**INPUT DATA**
Content starts

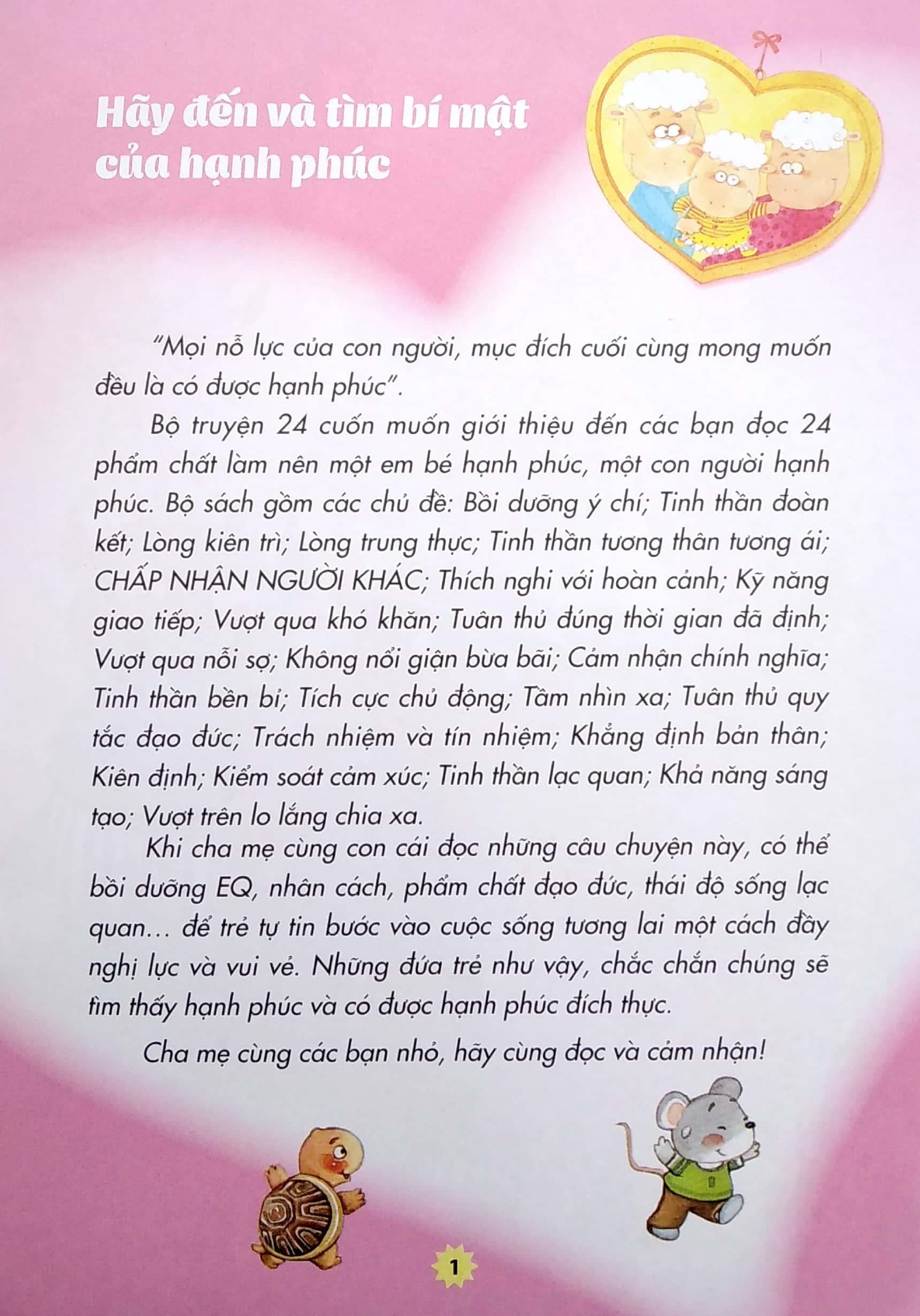 Mua tại TiktokBộ truyện Tủ sách rèn nhân cách sống cho trẻ xoay quanh cuộc sống của các bạn động vật đáng yêu được nhân hóa. Khi cha mẹ cùng con cái đọc những câu chuyện này, có thể bồi dưỡng EQ, nhân cách, phẩm chất đạo đức, thái độ sống lạc quan… để trẻ tự tin bước vào cuộc sống tương lai một cách đầy nghị lực và vui vẻ. Những đứa trẻ như vậy, chắc chắc chúng sẽ tìm thấy hạnh phúc và có được hạnh phúc đích thực.
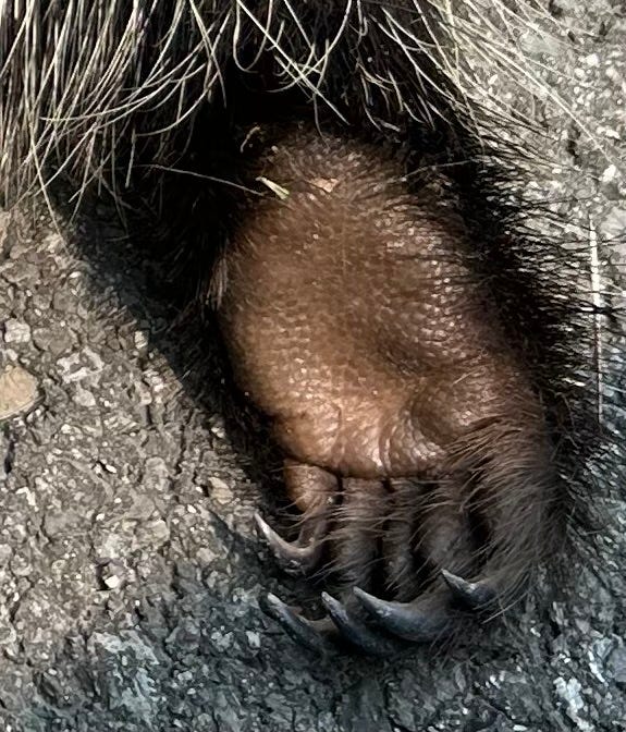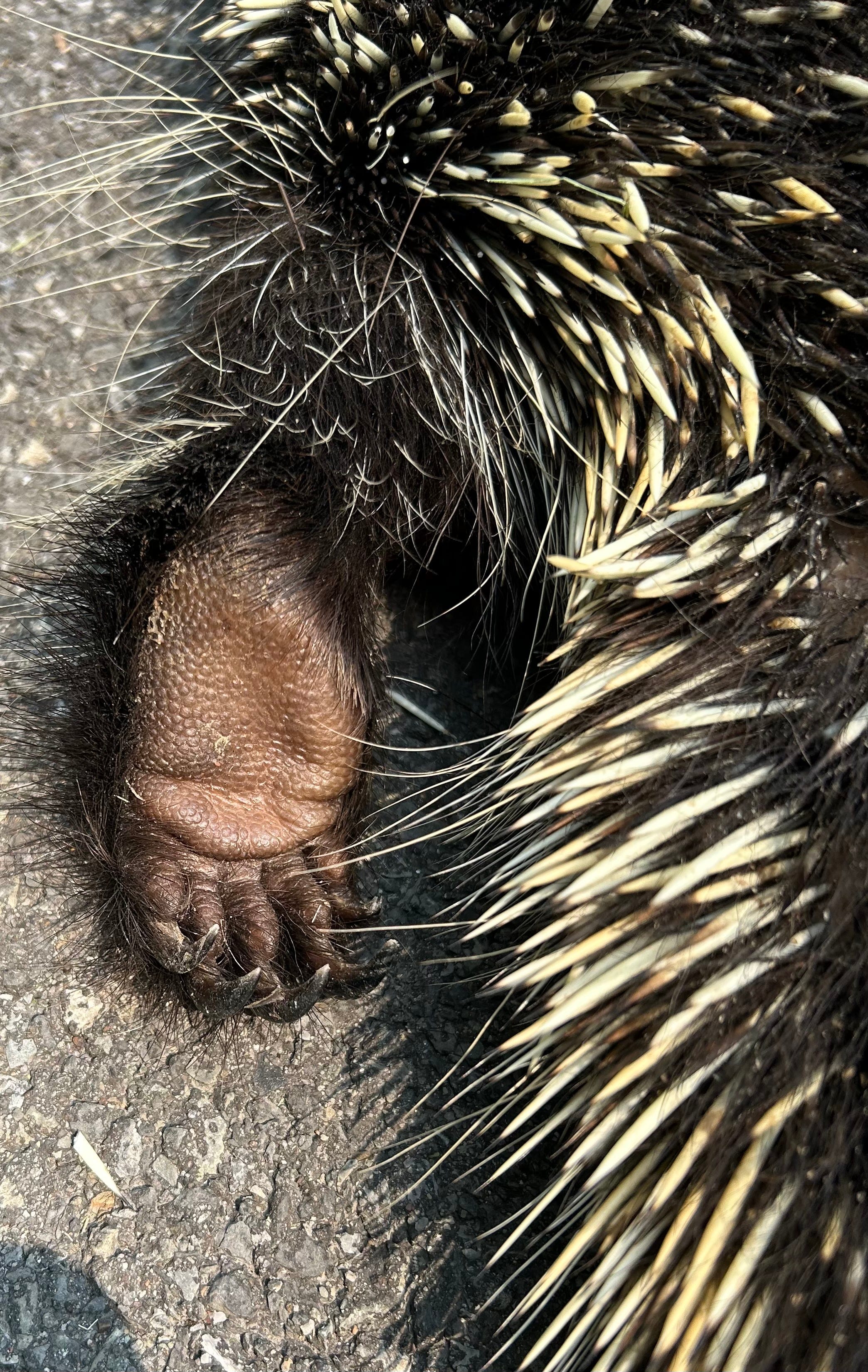 Its fur was wiry and course. The quills were formidable. So were the claws, which are meant to help it climb trees. The face was dear and wise, even in death.
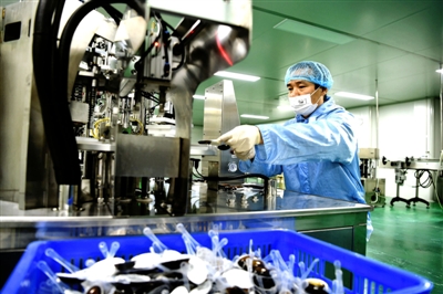 12月21日,在通城县药姑山健康科技产业园内,湖北润康药业、湖北九楚等公司,正在加紧生产。
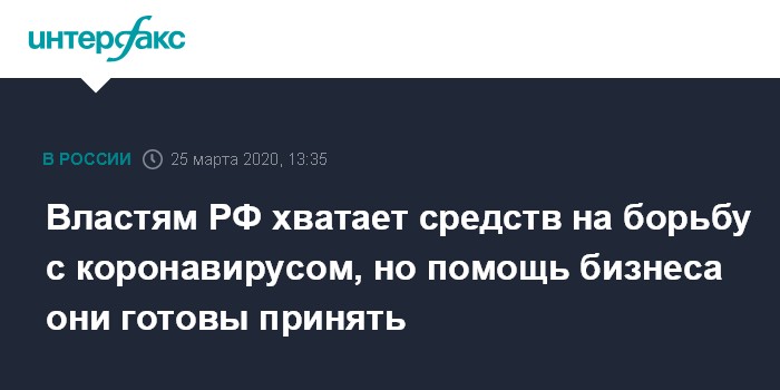Властям РФ хватает средств на борьбу с коронавирусом, но помощь бизнеса они готовы принять

Content ends

Copy the listing above verbatim; the pictures it contains are to stay out.

**SOLUTION FOR THIS PROBLEM**
 Mua tại TiktokBộ truyện Tủ sách rèn nhân cách sống cho trẻ xoay quanh cuộc sống của các bạn động vật đáng yêu được nhân hóa. Khi cha mẹ cùng con cái đọc những câu chuyện này, có thể bồi dưỡng EQ, nhân cách, phẩm chất đạo đức, thái độ sống lạc quan… để trẻ tự tin bước vào cuộc sống tương lai một cách đầy nghị lực và vui vẻ. Những đứa trẻ như vậy, chắc chắc chúng sẽ tìm thấy hạnh phúc và có được hạnh phúc đích thực.
 Its fur was wiry and course. The quills were formidable. So were the claws, which are meant to help it climb trees. The face was dear and wise, even in death.
 12月21日,在通城县药姑山健康科技产业园内,湖北润康药业、湖北九楚等公司,正在加紧生产。
Властям РФ хватает средств на борьбу с коронавирусом, но помощь бизнеса они готовы принять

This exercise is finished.